SOURCE INFORMATION:
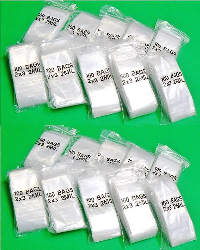 Product Features: Recyclable, Resealable, Recloseable, Reusable; Waterproof Available In The Largest Variety Of Sizes- 2Mil Thick Polyethylene A Quality Rare Amongst Buying Options - 100 Bags Per Pack Totals 2000 Per Order Re-closable Zipper Style Top Zip-lock bags are ideal for applications that require tiny to small sized re-closable bags Dimensions are 2" X 3" Measurements are of actual storage space, Natural, flexible shape, fit into places where storage boxes cannot
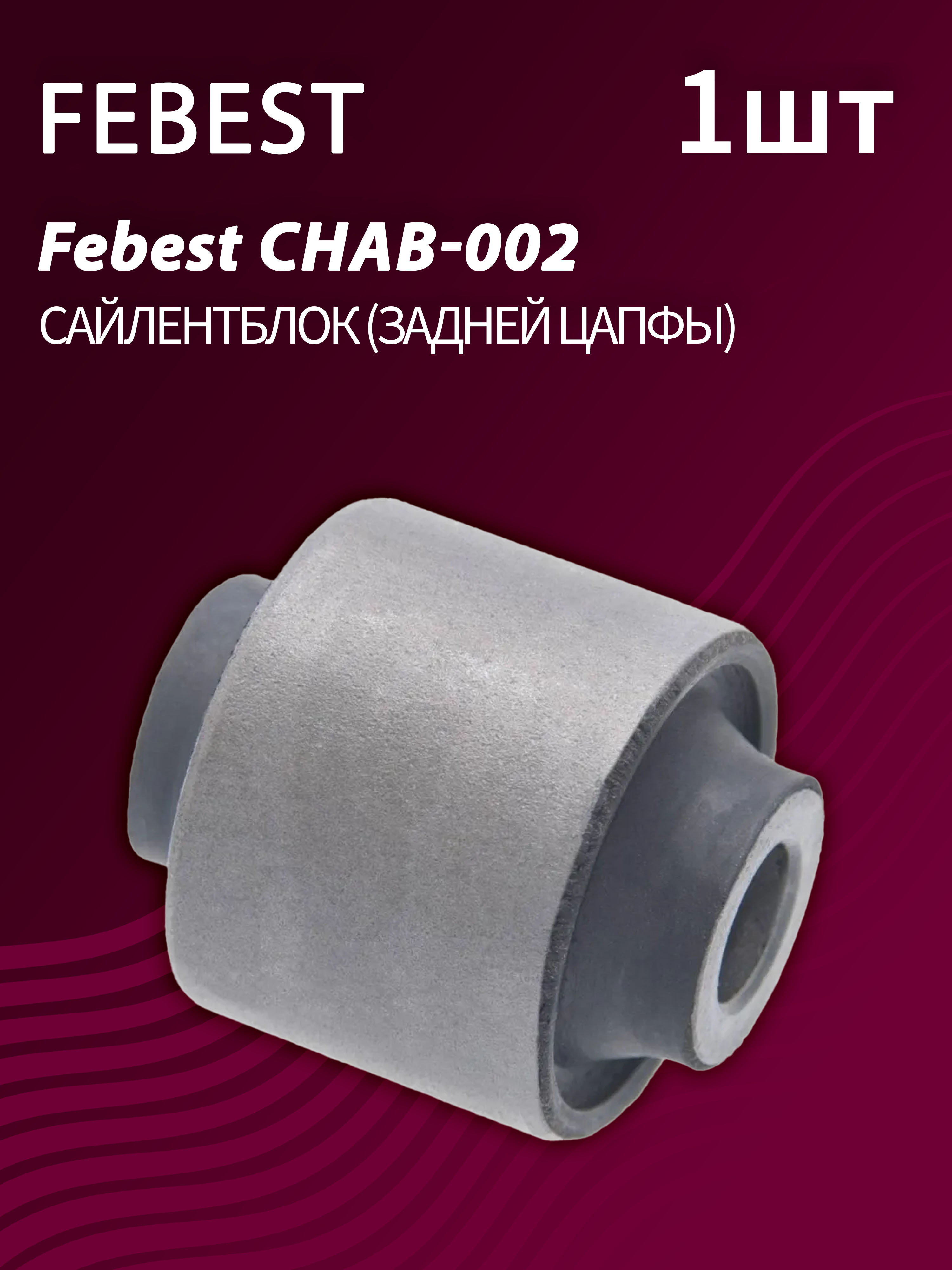 Сайлентблок задней цапфы Febest CHAB-002 нужен для демпфирования вибраций и снижения ударных нагрузок между элементами подвески
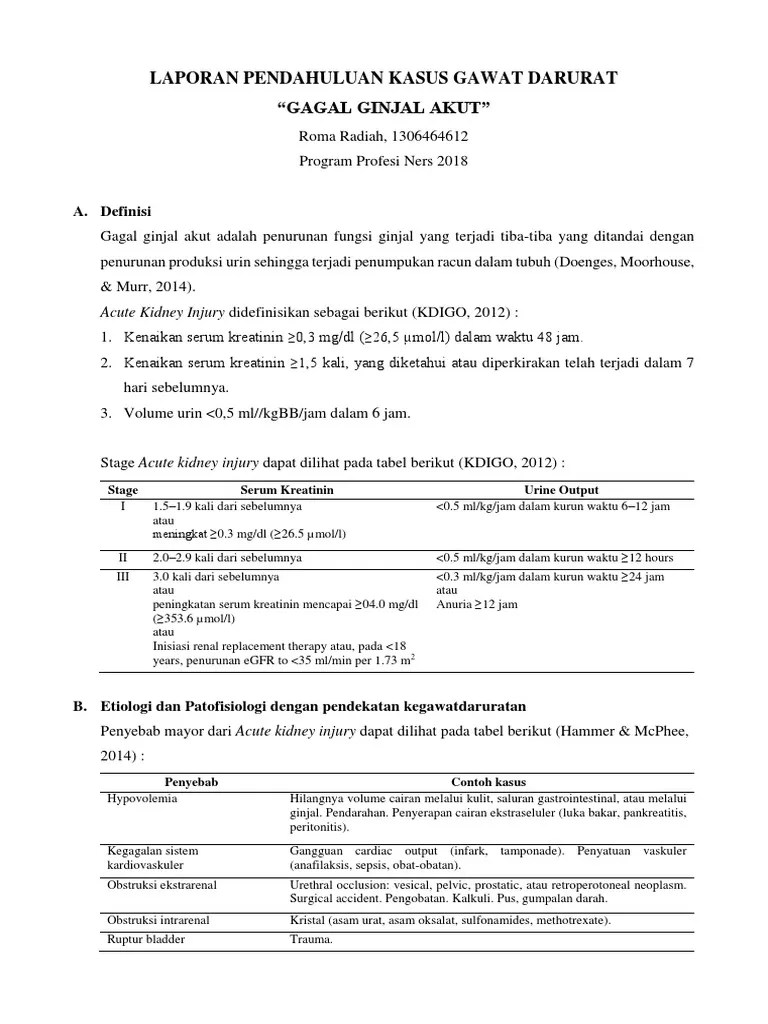 Contoh Laporan Kasus Gagal Ginjal Akut - Format Laporan PTM | PDF - Gagal ginjal akut (gga) merupakan suatu sindrom klinis yang di tandai dengan fungsi ginjal yang menurun secara cepat (biasannya dalam beberapa hari).. Gagal ginjal akut (gga) merupakan suatu sindrom klinis yang di tandai dengan fungsi ginjal yang menurun secara cepat (biasannya dalam beberapa hari). Bila yang lain dalam kelompok. Penatalaksanaan gagal ginjal akut (acute kidney injury) bersifat suportif, yaitu perbaikan cairan, tekanan darah, elektrolit dan terapi . Gagal ginjal akut laporan pendahuluan asuhan keperawatan pada klien dengan gagal ginjal akut disusun oleh selfa harsai program studi profesi ners jurusan. Diajukan untuk memenuhi salah satu syarat dalam.
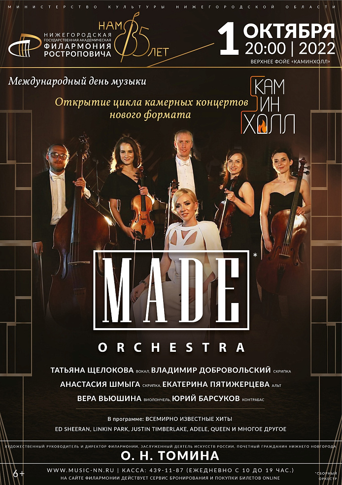 Коллектив Made Orchestra исполнит композиции: Ed Sheeran, Linkin Park, Justin Timberlake, Adele, Queen и многое другое.
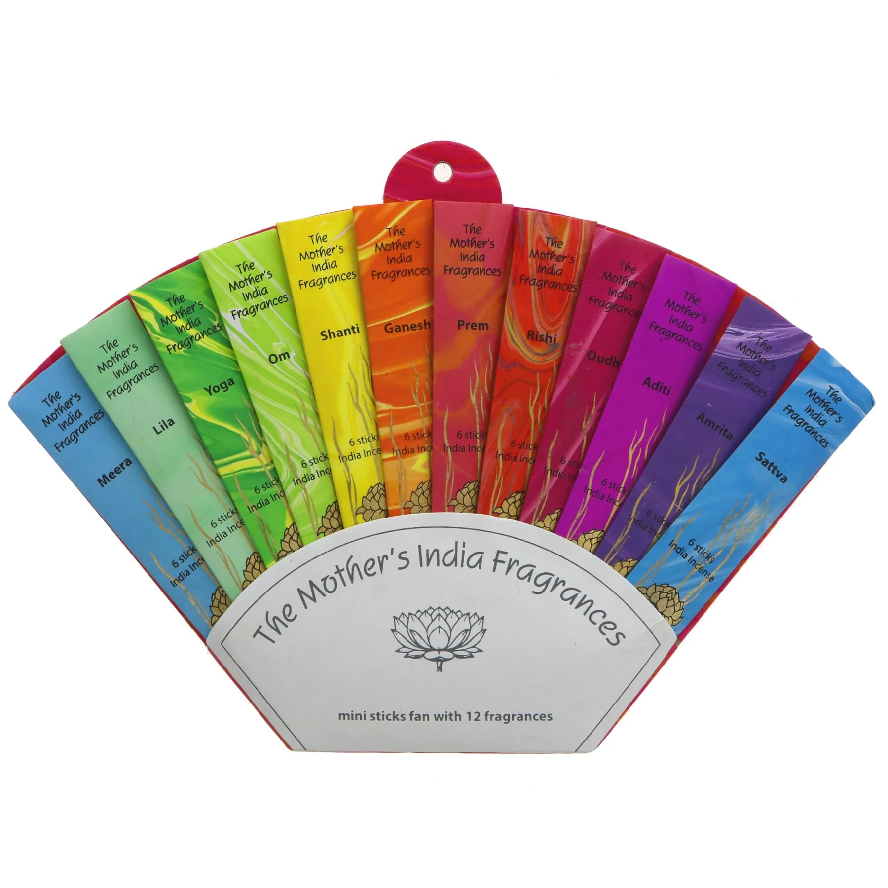 Their bestselling India Fragrances so beautifully turned into a gift set. The fan contains a packets of mini sticks of each of the twelve (standard) Mother's India Fragrances, with 6 ministicks each. Small price, fab smell, they love it! The twelve fragrances in the fan are: amrita, sattva, lila, yoga, om, shanti nag champa, ganesh, prem, rishi oudh, aditi and meera.
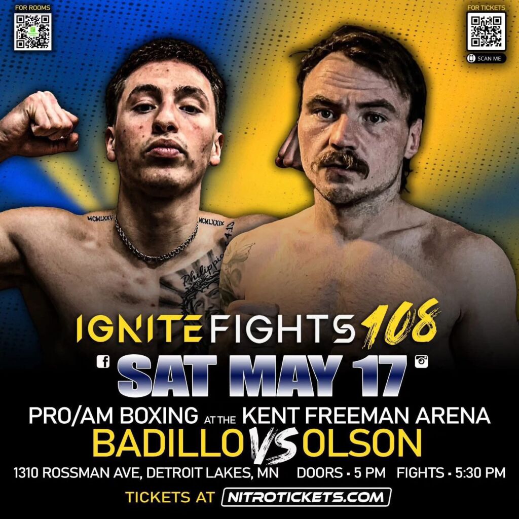 On May 17, 2025, the Kent Freeman Arena in Detroit Lakes, Minnesota, will host IGNITE Fights 108, a Pro-Am boxing event that promises an exciting lineup of bouts. Among the anticipated professional bouts is the pro boxing debut of two local fighters: Dominic St. Claire-Badillo residing in Moorehead, MN and Nicholas Olson from Fertile, MN.
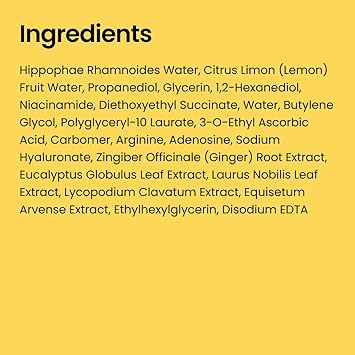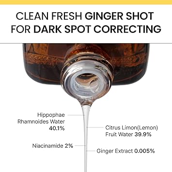 - 🫚 CLEAN FRESH GINGER SHOT Contains Hippophae Rhamnoides Water (40.1%), Citrus Limon (Lemon) Fruit Water (39.9%), Niacinamide (2%) and Ginger extract(0.05%) delivering a potent vitamin C boost to visibly minimize the look of dark spots. These natural botanical waters absorb more smoothly than pure ascorbic acid, making them ideal for all skin types—even sensitive.
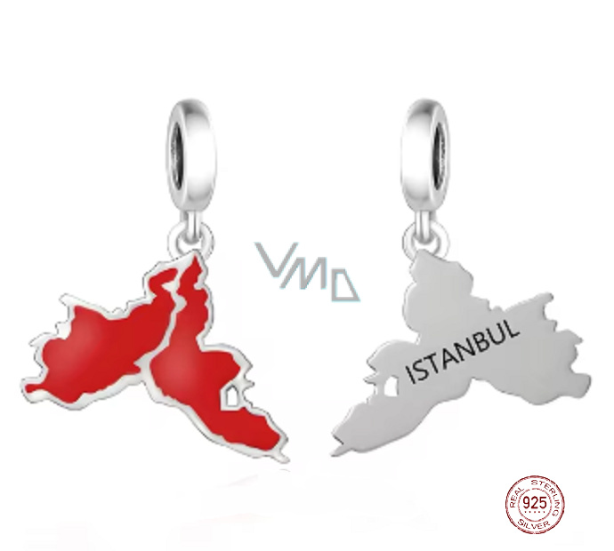 Charm Sterlingové stříbro 925 Turecko, Istambul vlajka - houpající se mapa, přívěsek na náramek cestování
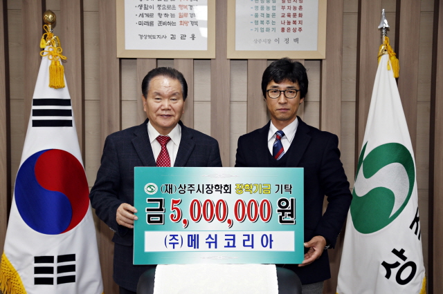 ㈜메쉬코리아(대표이사 배복순)가 지역인재 육성을 위해 장학금 500만원을 최근 기탁했다.
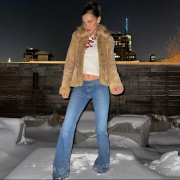 De aceasta data modelul a fost observat intr-o tinuta de-a dreptul interesanta. Look-ul sau este totalmente asemanator celor din anii 90. Astfel de rochii tricotate cu siguranta nu se gasesc acum pe vitrinele magazinelor.
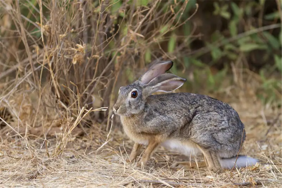 母狼也不是好糊弄的,它假装跑开了,其实躲在灌木丛里。野兔果然上当,当它返回时,没见了狼,就在附近开始觅食补充体力,逃跑可太费力气了。
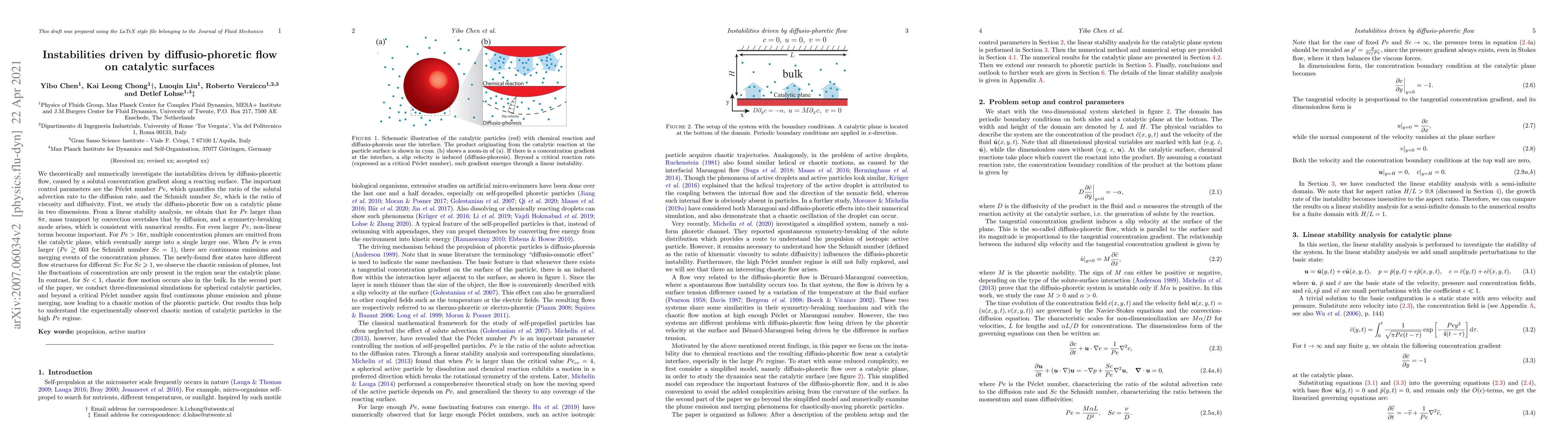 Researchers investigated instabilities driven by diffusiophoretic flow on catalytic surfaces, finding a critical Peclet number beyond which chaotic motion occurs in three-dimensional simulations.
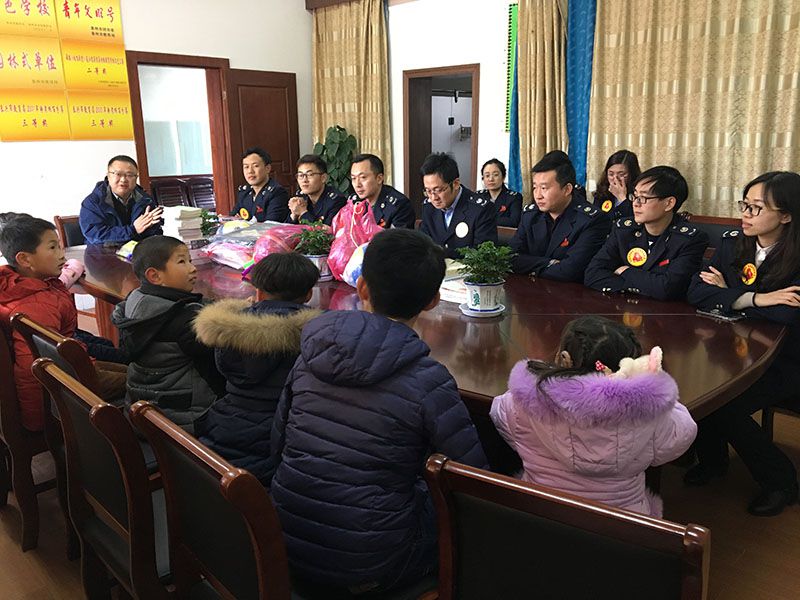 我校学生有不同程度上的障碍,也因此国税局才选择来我校慰问这些学生。他们带来了铅笔、本子、文具盒、书包等学习用品,以及排球、跳绳等体育器材。另外,来我校的11人每人都向我校学生捐赠了100元,共计1100元,尽他们之力最大程度的给予我校学生的帮助。
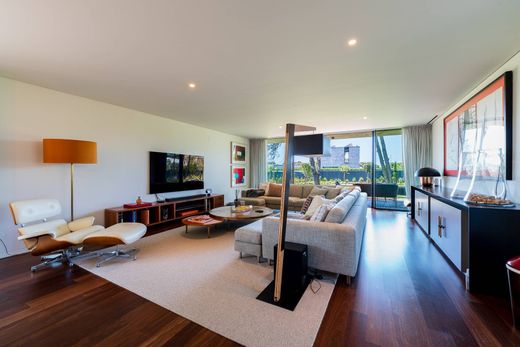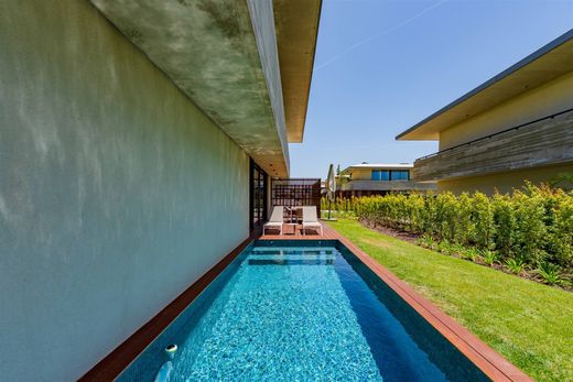Contemporary villa with four bedrooms and a total area of 331 square meters, set on a 937-square-meter plot with a private swimming pool and garden, located in the prestigious SandWoods condominium in Cascais. This exclusive condominium offers a concierge service during the week and 24-hour security, 365 days a year, ensuring exceptional comfort and peace of mind. Distributed over three floors, the property combines modern architecture with premium finishes. The ground floor features a spacious 58 m² living room, a fully equipped kitchen with top-of-the-line appliances, a laundry area, and a guest bathroom. Outside, an 828 m² garden and a 30 m² deck surround the private pool, ideal for family leisure moments. The upper floor comprises a master suite with a walk-in closet and full bathroom, two additional suites with built-in wardrobes, and an additional complete bathroom. All bedrooms have direct access to a 51 m² balcony overlooking the garden, offering natural light and comfort. The basement includes a storage area and an 88 m² garage with space for three or more vehicles. This villa integrates state-of-the-art technological solutions: KNX home automation system for lighting, blinds, and climate control, LED lighting, hydraulic underfloor heating and cooling with a heat pump, mechanical ventilation with heat recovery, and a heated pool with an automatic cover. The SandWoods condominium is surrounded by 88,000 square meters of nature, with only 23,000 square meters dedicated to residential areas. It offers two entrances, a communal swimming pool, tennis and basketball courts, a playground, and approximately 2 km of walking trails. It also provides visitor parking and a rainwater-based irrigation system, reinforcing its commitment to sustainability. Located in a privileged area, just 5 minutes from Guincho Beach, 4.5 km from the center of Cascais, 30 km from Lisbon, and next to two 18-hole golf courses, this property offers the perfect balance between nature, luxury, and urban proximity.

THE PROBLEM: Would you print the listing above in full, exactly, but with no pictures?

ANSWER BELOW:
 Product Features: Recyclable, Resealable, Recloseable, Reusable; Waterproof Available In The Largest Variety Of Sizes- 2Mil Thick Polyethylene A Quality Rare Amongst Buying Options - 100 Bags Per Pack Totals 2000 Per Order Re-closable Zipper Style Top Zip-lock bags are ideal for applications that require tiny to small sized re-closable bags Dimensions are 2" X 3" Measurements are of actual storage space, Natural, flexible shape, fit into places where storage boxes cannot
 Сайлентблок задней цапфы Febest CHAB-002 нужен для демпфирования вибраций и снижения ударных нагрузок между элементами подвески
 Contoh Laporan Kasus Gagal Ginjal Akut - Format Laporan PTM | PDF - Gagal ginjal akut (gga) merupakan suatu sindrom klinis yang di tandai dengan fungsi ginjal yang menurun secara cepat (biasannya dalam beberapa hari).. Gagal ginjal akut (gga) merupakan suatu sindrom klinis yang di tandai dengan fungsi ginjal yang menurun secara cepat (biasannya dalam beberapa hari). Bila yang lain dalam kelompok. Penatalaksanaan gagal ginjal akut (acute kidney injury) bersifat suportif, yaitu perbaikan cairan, tekanan darah, elektrolit dan terapi . Gagal ginjal akut laporan pendahuluan asuhan keperawatan pada klien dengan gagal ginjal akut disusun oleh selfa harsai program studi profesi ners jurusan. Diajukan untuk memenuhi salah satu syarat dalam.
 Коллектив Made Orchestra исполнит композиции: Ed Sheeran, Linkin Park, Justin Timberlake, Adele, Queen и многое другое.
 Their bestselling India Fragrances so beautifully turned into a gift set. The fan contains a packets of mini sticks of each of the twelve (standard) Mother's India Fragrances, with 6 ministicks each. Small price, fab smell, they love it! The twelve fragrances in the fan are: amrita, sattva, lila, yoga, om, shanti nag champa, ganesh, prem, rishi oudh, aditi and meera.
 On May 17, 2025, the Kent Freeman Arena in Detroit Lakes, Minnesota, will host IGNITE Fights 108, a Pro-Am boxing event that promises an exciting lineup of bouts. Among the anticipated professional bouts is the pro boxing debut of two local fighters: Dominic St. Claire-Badillo residing in Moorehead, MN and Nicholas Olson from Fertile, MN.
 - 🫚 CLEAN FRESH GINGER SHOT Contains Hippophae Rhamnoides Water (40.1%), Citrus Limon (Lemon) Fruit Water (39.9%), Niacinamide (2%) and Ginger extract(0.05%) delivering a potent vitamin C boost to visibly minimize the look of dark spots. These natural botanical waters absorb more smoothly than pure ascorbic acid, making them ideal for all skin types—even sensitive.
 Charm Sterlingové stříbro 925 Turecko, Istambul vlajka - houpající se mapa, přívěsek na náramek cestování
 ㈜메쉬코리아(대표이사 배복순)가 지역인재 육성을 위해 장학금 500만원을 최근 기탁했다.
 De aceasta data modelul a fost observat intr-o tinuta de-a dreptul interesanta. Look-ul sau este totalmente asemanator celor din anii 90. Astfel de rochii tricotate cu siguranta nu se gasesc acum pe vitrinele magazinelor.
 母狼也不是好糊弄的,它假装跑开了,其实躲在灌木丛里。野兔果然上当,当它返回时,没见了狼,就在附近开始觅食补充体力,逃跑可太费力气了。
 Researchers investigated instabilities driven by diffusiophoretic flow on catalytic surfaces, finding a critical Peclet number beyond which chaotic motion occurs in three-dimensional simulations.
 我校学生有不同程度上的障碍,也因此国税局才选择来我校慰问这些学生。他们带来了铅笔、本子、文具盒、书包等学习用品,以及排球、跳绳等体育器材。另外,来我校的11人每人都向我校学生捐赠了100元,共计1100元,尽他们之力最大程度的给予我校学生的帮助。
Contemporary villa with four bedrooms and a total area of 331 square meters, set on a 937-square-meter plot with a private swimming pool and garden, located in the prestigious SandWoods condominium in Cascais. This exclusive condominium offers a concierge service during the week and 24-hour security, 365 days a year, ensuring exceptional comfort and peace of mind. Distributed over three floors, the property combines modern architecture with premium finishes. The ground floor features a spacious 58 m² living room, a fully equipped kitchen with top-of-the-line appliances, a laundry area, and a guest bathroom. Outside, an 828 m² garden and a 30 m² deck surround the private pool, ideal for family leisure moments. The upper floor comprises a master suite with a walk-in closet and full bathroom, two additional suites with built-in wardrobes, and an additional complete bathroom. All bedrooms have direct access to a 51 m² balcony overlooking the garden, offering natural light and comfort. The basement includes a storage area and an 88 m² garage with space for three or more vehicles. This villa integrates state-of-the-art technological solutions: KNX home automation system for lighting, blinds, and climate control, LED lighting, hydraulic underfloor heating and cooling with a heat pump, mechanical ventilation with heat recovery, and a heated pool with an automatic cover. The SandWoods condominium is surrounded by 88,000 square meters of nature, with only 23,000 square meters dedicated to residential areas. It offers two entrances, a communal swimming pool, tennis and basketball courts, a playground, and approximately 2 km of walking trails. It also provides visitor parking and a rainwater-based irrigation system, reinforcing its commitment to sustainability. Located in a privileged area, just 5 minutes from Guincho Beach, 4.5 km from the center of Cascais, 30 km from Lisbon, and next to two 18-hole golf courses, this property offers the perfect balance between nature, luxury, and urban proximity.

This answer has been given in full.